Subsidy bill set to rise to control runaway commodity prices

  • Business
  • Monday, 14 Dec 2009

PETALING JAYA: Food and energy subsidies eat up a large chunk of the country’s annual operating budget, and critics argued that the tens of billions of ringgit spent every year to keep domestic prices steady have largely gone to waste.

Earlier this month, the Government said it would fork out RM720mil this year to subsidise the cost of sugar and keep domestic retail price at a fixed RM1.45 a kg.

At the same time, news reports showed a steady rise in sugar smuggling activities to neighbouring countries where sugar is sold at a higher price.

The price of the sweetener in the international market has gone up by at least 90% this year, to its highest in more than 20 years.

Sugar futures were traded at above US$620 per tonne in London last Friday. Analyst reports pointed to further increase next year as sugar supplies remained tight.

But the main beneficiary from the Government’s generous subsidy expenditure is the energy sector. Keeping the petrol subsidy at 30 sen per litre translates to about RM3bil a year.

The Government spends ten times that amount to subsidise fuel used to produce electricity and on cheap gas sold to local factories.

Talks about revamping the national subsidy structure is on the platter, but progress had been slow so far and the subsidy issue remained an expensive affair for all stakeholders.

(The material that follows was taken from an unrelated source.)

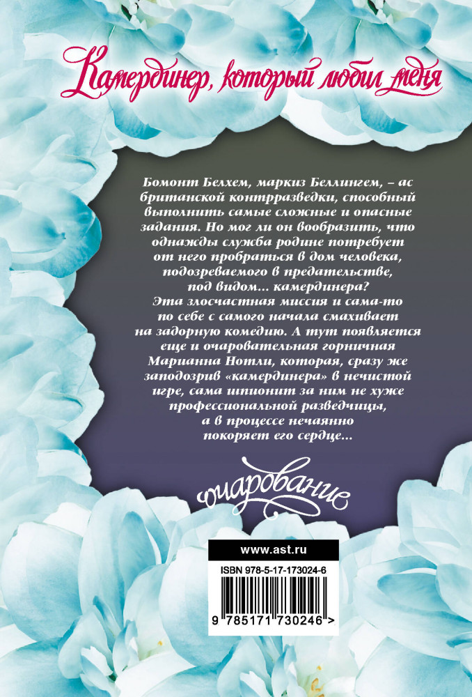 💳 Оплатить за товар можно при получении 🇰🇿 Есть бесплатная доставка по Казахстану от 1 дня 🎁 Копите бонусы с каждой покупки Серия: Очарование (мини)! Бомонт Белхем, маркиз Беллингем, — ас британской контрразведки, способный выполнить самые сложные и опасные задания. Но мог ли он вообразить, что однажды служба родине потребует от него пробраться в дом человека, подозреваемого в предательстве, под видом... камердинера? |

Meanwhile, analysts are predicting commodity prices to continue rising next year unless a major crisis erupts and scuppers the global economic recovery.

The commodity financial investment market is expected to see a record US$50bil in capital inflows this year, according to JP Morgan global commodity research team.

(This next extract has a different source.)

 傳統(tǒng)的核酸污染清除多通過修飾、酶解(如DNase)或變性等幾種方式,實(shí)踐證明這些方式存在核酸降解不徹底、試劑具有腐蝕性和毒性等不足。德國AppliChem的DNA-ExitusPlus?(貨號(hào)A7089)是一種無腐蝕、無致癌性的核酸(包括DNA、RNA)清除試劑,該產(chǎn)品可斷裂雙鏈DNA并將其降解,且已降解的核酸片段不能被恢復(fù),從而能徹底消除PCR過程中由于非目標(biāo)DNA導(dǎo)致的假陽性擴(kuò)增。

In fact, the amount surpassed the combined investment flow figures recorded in the previous three years.

“Capital flows into commodities are at a record level this year, as investors pre-position against inflation risk,’’ JP Morgan said.

“Powered by high levels of global liquidity, commodity prices are expected to move sharply higher in the first half of 2010, led by base and precious metal,’’ it added.

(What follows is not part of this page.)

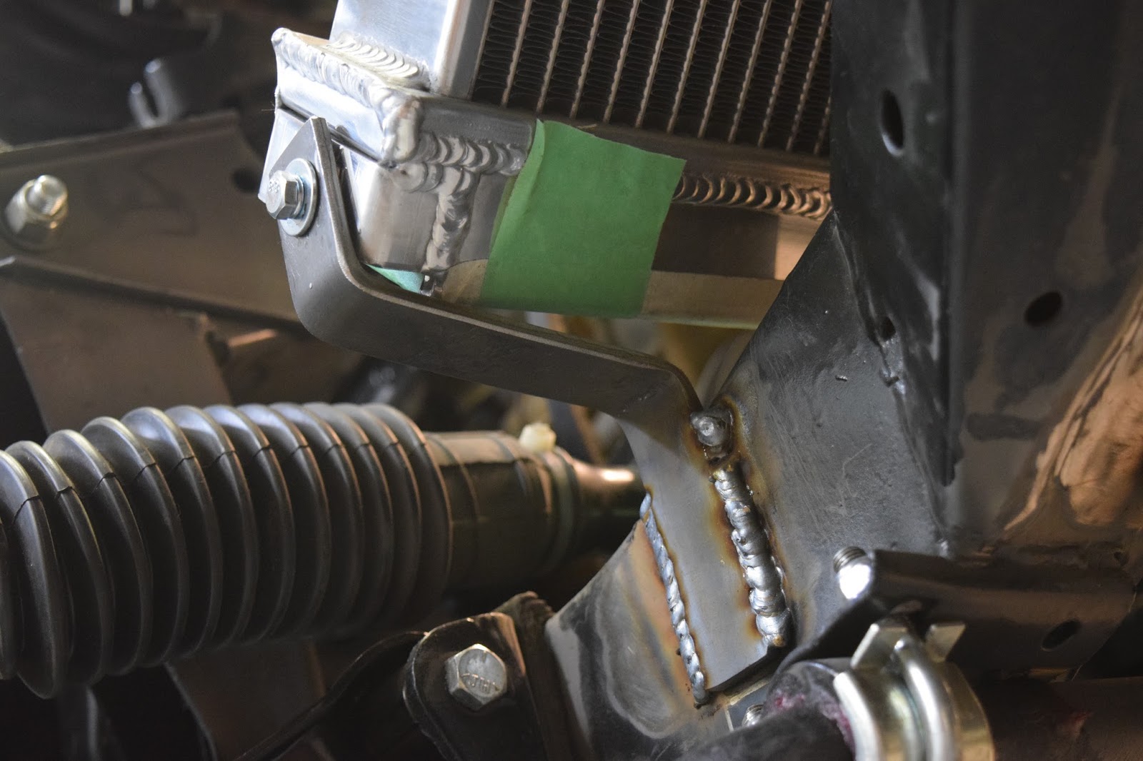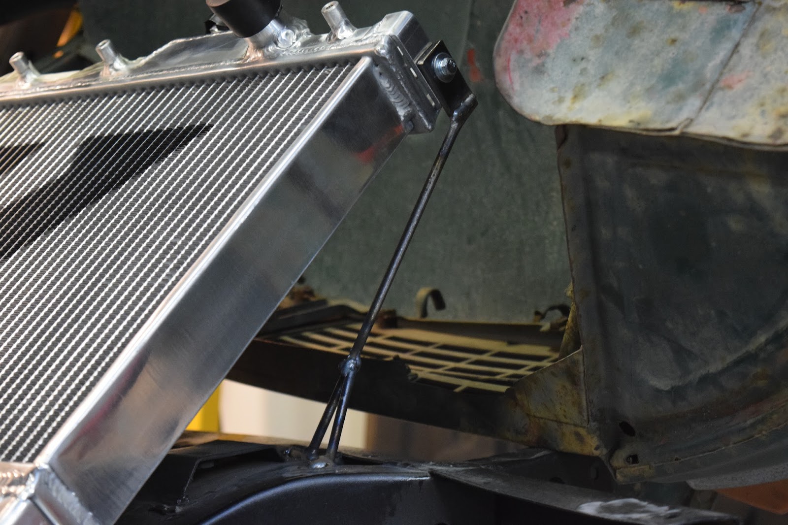 What I did was bent the metal rod to a shape that supports itself on a strong point of the frame and welded a tab on the other end to bolt onto the radiator. With the remainder of the rod, I was able to made two small supports that should help with any stress induced by vibration. If there is going to be a crack, it will crack at the top of the support as opposed to on the frame itself.

Gold price broke record after record as it rose by more than 30% this year, and is predicted to reach US$1,400 an ounce next year. Copper, which has doubled its price after a pummelling in late 2008, is expected to hit US$8,000 a tonne before moderating in the second half of 2010.

High global liquidity and low cost of financing inventory have been crucial to the commodity market recovery this year.

“Noth only have they acted as a significant economic stimulus, but they have also helped the commodity markets carry surplus inventory – both for US dollar preservation and to express expectations of long-term demand growth in developing economies,’’ JP Morgan said.

It said there was no coincidence that commodity performance in recent months had shown direct relationship to the ease with which commodities can be stored.

“As a result, the path of commodity prices will be strongly linked to global liquidity and US dollar trends, and the ease of storage, which puts precious metals at the high end of risk from a setback, with natural gas and some agricultural commodities at the lower end of the spectrum,’’ it said.

Demand for physical inventories and buying of commodity assets are not entirely driven by commodity security and supply concerns, but also by the desire for capital preservation in the face of US dollar weakness and concern about future inflation.

While the commodity investment market is a legitimate tool to hedge risk and for price discovery, there are now genuine worries that the derivatives market had over the years become a huge private playing ground for greedy speculators.

In the United States, the legislative debate on the impact of financial investment on commodity prices first emerged last year. In the past months, lawmakers had been trying to balance the need to reign in Wall Street’s excessive speculative trades while at the same time keep exchanges competitive.

In terms of real developments, there were some success in trade transparency, with the September 2009 publication of the new Commodity Futures Trading Commission’s (CFTC) Commitment of Traders report that disclosed position data on an expanded list of users, including swaps dealers and managed money.

The United States is under huge international pressure to step up its financial reforms.

The US$450bil over-the-counter derivatives market is widely blamed for its role in amplifying the global financial crisis that erupted in 2008.

Last year, crude oil futures in the United States went up to as high as US$145 a barrel in July, before it plunged to a low of US$33 a barrel in December.

Reports had shown that a paper contract for a barrel of crude oil can change hands more than 30 times without actual shipment happening.

This unpredented volatility in the commodity market was a nightmare for policymakers across developing Asia, where most essential items like food and fuel are heavily subsidised.

It happened in 2008 and is likely to continue to haunt Malaysia next year.